HDGC can be a precursor for cancer affecting the entire stomach and for lobular breast cancer, which begins in the breast’s milk-producing glands. A person with the CDH-1 mutation often has two or more first- or second-degree relatives diagnosed with stomach cancer at a young age, usually younger than 50, Dr. Turaga explains.
Inherited risk is associated with additional germline syndromes, including Lynch Syndrome, which also raises the risk of colorectal cancer in people younger than 50, and familial adenomatous polyposis, which causes many polyps in the colon from an early age.
“Certain mutations are highly correlated with cancer onset. However, as I tell my patients, your genes are not your destiny,” Dr. Turaga says, explaining that certain risk factors may prompt aggressive preventive measures such as surgery to remove the stomach before gastric cancer develops.
“Understanding the details of your immediate and extended family history can be an important tool in evaluating your risk for stomach cancer and other diseases, and in taking steps to optimize your unique health trajectory,” Dr. Ahuja says.
5. Should I be screened for stomach cancer?
Currently, there are no routine screening guidelines for stomach cancer in the U.S. However, various diagnostic tests are available for a patient with symptoms or concerning family history. These include imaging tests such as PET scans and cross-sectional CT scans. “Diagnostic tools, such as endoscopic ultrasound, allow actual visualization of the stomach, including the layers of the stomach wall, which is especially helpful with some of the genetic conditions,” Dr. Turaga says.
6. How has treatment for stomach cancer improved?
Stomach cancer treatment is less invasive and more effective than it used to be. Advances in precision medicine and in physicians’ understanding of stomach cancer help determine the best treatment for each patient, which may include single or combination therapies, including chemotherapy, radiation therapy, targeted therapy, immunotherapy, and surgery.
Imaging tools have also made stomach cancer treatment decisions more precise, Dr. Turaga adds. “I think the biggest advance in this field is our understanding of how extensive a surgery like this needs to be—and whether it can be less extensive,” he says, adding that factors include the type and number of lymph nodes removed. “In certain cases, if the cancers are diagnosed very early, they can be cut out with the endoscope in a simple procedure.”
7. How do I prepare for life after stomach cancer surgery?
Most surgeries for stomach cancer are minimally invasive, performed through tiny incisions with robotic assistance. This has helped with completing surgery in a way that leads to fewer complications, which means improved quality of life for patients who must eat differently once their stomach—or a part of it—is removed.
“Recovering from stomach cancer surgery is unique in that it can have long-term consequences on diet and lifestyle, which is why selecting the right care team to help you before, during, and after surgery is so important,” Dr. Turaga says, adding that many patients who have part of their stomach removed have a close-to-normal quality of life once they recover.
8. What else should I know about stomach cancer?
“Trust your gut!

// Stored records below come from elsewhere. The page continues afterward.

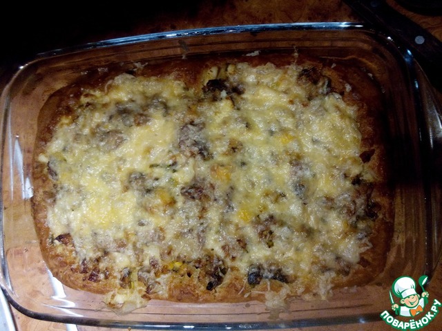 Как только края у пирога начнут румяниться, аккуратно выдвигаем, посыпаем верх сыром и ещё минут на 5, чтобы сыр растаял и чуть зарумянился. Я на это время низ духовки выключаю и зажигаю верх.
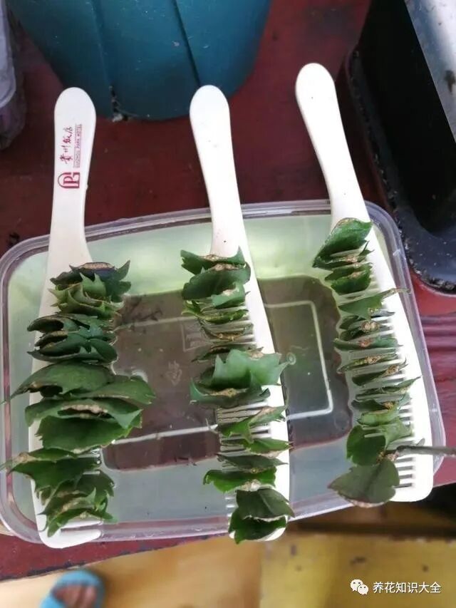 首先准备一个容器装满水,准备几把梳子,把梳子横放在容器上,梳子有齿轮的一面正对水面,然后把蟹爪兰枝条有芽点部分朝下,把叶片插在梳子上,叶片的底部刚好能接触水面即可。
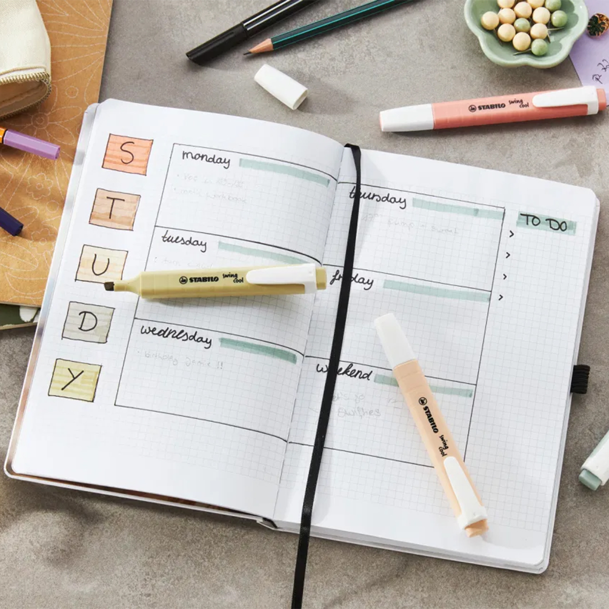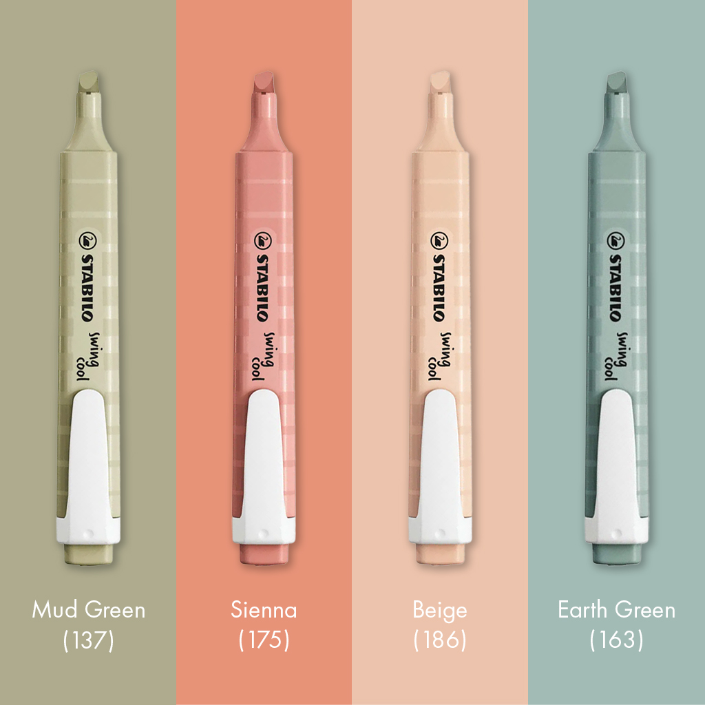 1 Estojo do Marca-Texto Swing Cool Stabilo – Nature Colors – com 4 unidades.
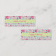 Skinny business cards to get your message out there. A yummy business website card with a delicious pattern design. Glazed pink donuts with sprinkles. Mouth watering cupcakes in pink and blue with rosettes and strawberries on top. Some pastel pink french pastry macarons and little pink candy buttons also decorate this pattern full of sweet treats. Set on a pale pastel background. A yellow stripe with a green border stretches across the center where you can enter your text with easy legible writing.
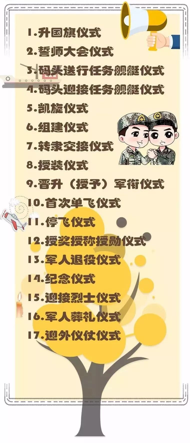 仪式是队列生活的重要内容,是军队正规化的重要体现。新一代共同条令集中对升国旗、誓师大会、码头送行任务舰艇、码头迎接任务舰艇、凯旋、组建、转隶交接、授装、晋升(授予)军衔、首次单飞、停飞、授奖授称授勋、军人退役、纪念、迎接烈士、军人葬礼、迎外仪仗等17种主要仪式进行了规范。
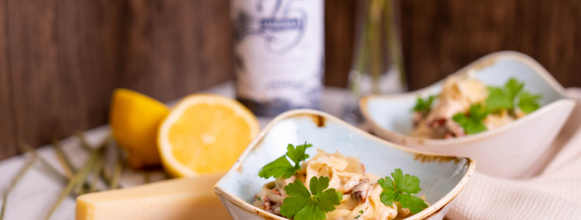 Kui mina, Itaalia köögi suure austajana, lisan koguaeg toitudesse veini (näiteks siin KREVETIPASTAS kasutasin ma veini), siis anti mulle väljakutse! Te ise tahate ka, et ma endale väljakutseid esitaks – niiet siit ta tuleb! Saaremaa Vodka esitas mulle oma 25nda juubeli puhul väljakutse – tee kolmekäiguline õhtusöök kasutades igas toidus viina. Muid kriteeriume ei olnud – ainult, et kasuta viina ja tee sellest nii eelroog, pearoog kui ka magustoit või 2 pearooga ja 1 magustoit. Kuna ma olen suhteliselt võistlushimuline, siis mõtlesin, et mis seal ikka, teen kõik 3 käiku ja naudime head toitu! Siin on teie eelroog – kanapasta kooreses sidruni-viinakastmes! Muidugi, kui kõht on tühi, siis sobib see ideaalselt ka eelroast pearoaks konverteerida, aga kõhu saad Sa sellest kindlasti täis! 😉
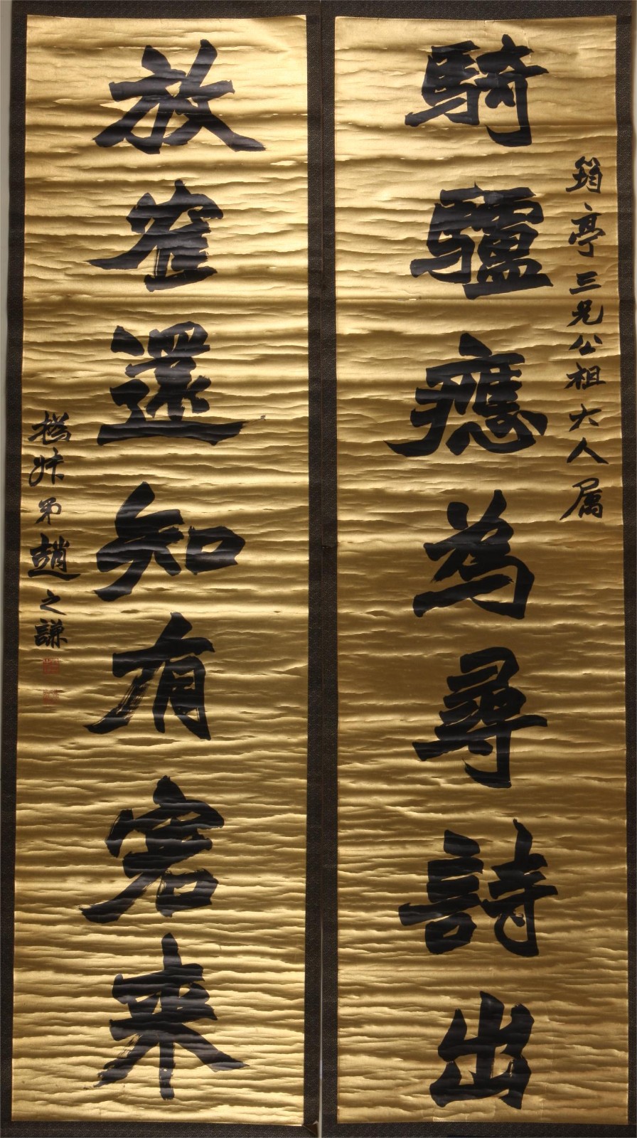 清赵之谦行楷七言联尺寸为纵210厘米×横53.5厘米,采用纸质材质。此作是赵之谦对联艺术的精品,展现了他在行楷书法上的独特造诣。赵之谦的行楷书法以独特的"碑帖融合"理念为核心,形成了兼具北碑雄浑与帖学流美的艺术特征。他创造性地将魏碑的方峻骨力与颜体的圆润笔意结合,形成"魏底颜面"的独特风格。其点画方俊,起笔多逆锋切入,收笔常以转锋形成刀刻般的斜切面,既保留了北碑的刚健,又融入了颜体的浑厚。赵之谦强调中锋行笔,以篆籀笔法为核心,追求线条的立体感与金石气。他通过"捻管调锋"技法调整笔锋方向,使笔画兼具力度与弹性。这种技法既保留了北碑的方硬感,又避免了机械模仿刀刻的呆板。赵之谦行楷结构以扁方为主,重心偏上,形成"上紧下松"的视觉特征。他吸收黄庭坚与《瘗鹤铭》的结字理念,强调字内空间的疏密对比与动态平衡。此七言联不仅展现了赵之谦在书法艺术上的高超技艺,更体现了他对传统艺术的创新精神,具有极高的艺术价值和收藏价值。

If you have symptoms that don’t make sense—anemia or other gastrointestinal symptoms—don’t just keep popping antacids. Get them looked at by an expert at an established center,” Dr. Ahuja says.

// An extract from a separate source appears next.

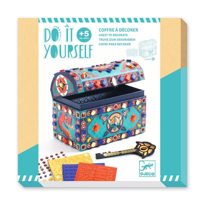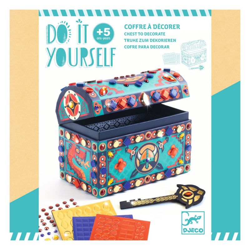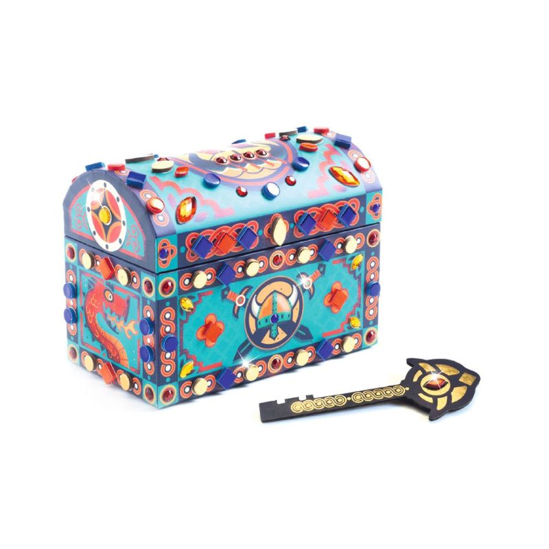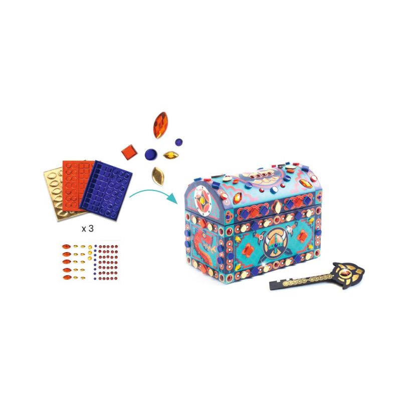 Картонен сандък за украса с мозайка и кристали. Включва сандък, фалшиво дъно с ключ, 3 листа мозайка, лист с камъни и инструкции.
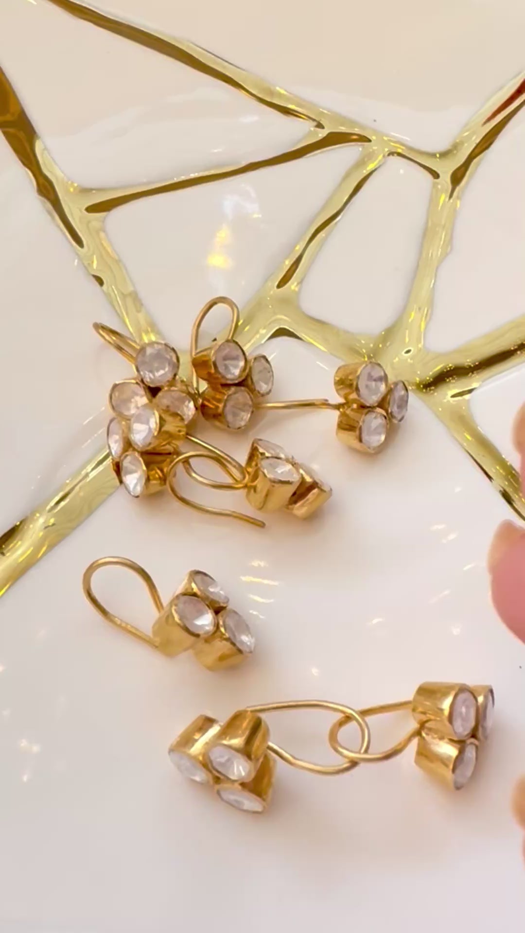Simple, classic and delightful polki hook earrings will be an easy choice for your everyday wear. Made in 925 sterling silver these are good sturdy pieces.

Both Drs. Ahuja and Turaga agree that advances in science and medicine offer hope for every patient. They are optimistic that dedicated research in academic medical centers will bring more precise and effective screening, treatment, and management tools to the field.

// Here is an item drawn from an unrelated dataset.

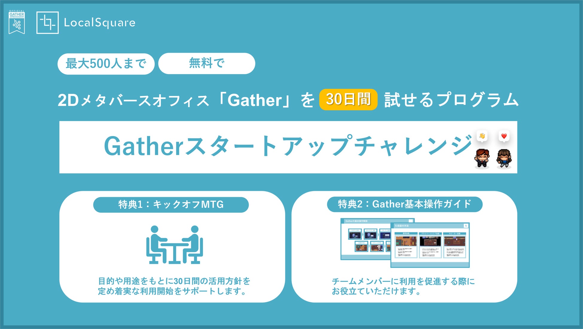 30日間Gatherを無料で試せる「Gatherスタートアップチャレンジ」を実施します。

“I tell patients that the field of cancer is evolving very fast,” says Dr. Turaga. “Having cared for patients for many years, I am seeing more and more people outlive their diagnosis, mainly because of advances in science.”
“It is very important that patients remember that there is hope and that there are gastric cancer specialists who have dedicated their careers to understanding this disease and the best treatment options possible,” Dr. Ahuja says.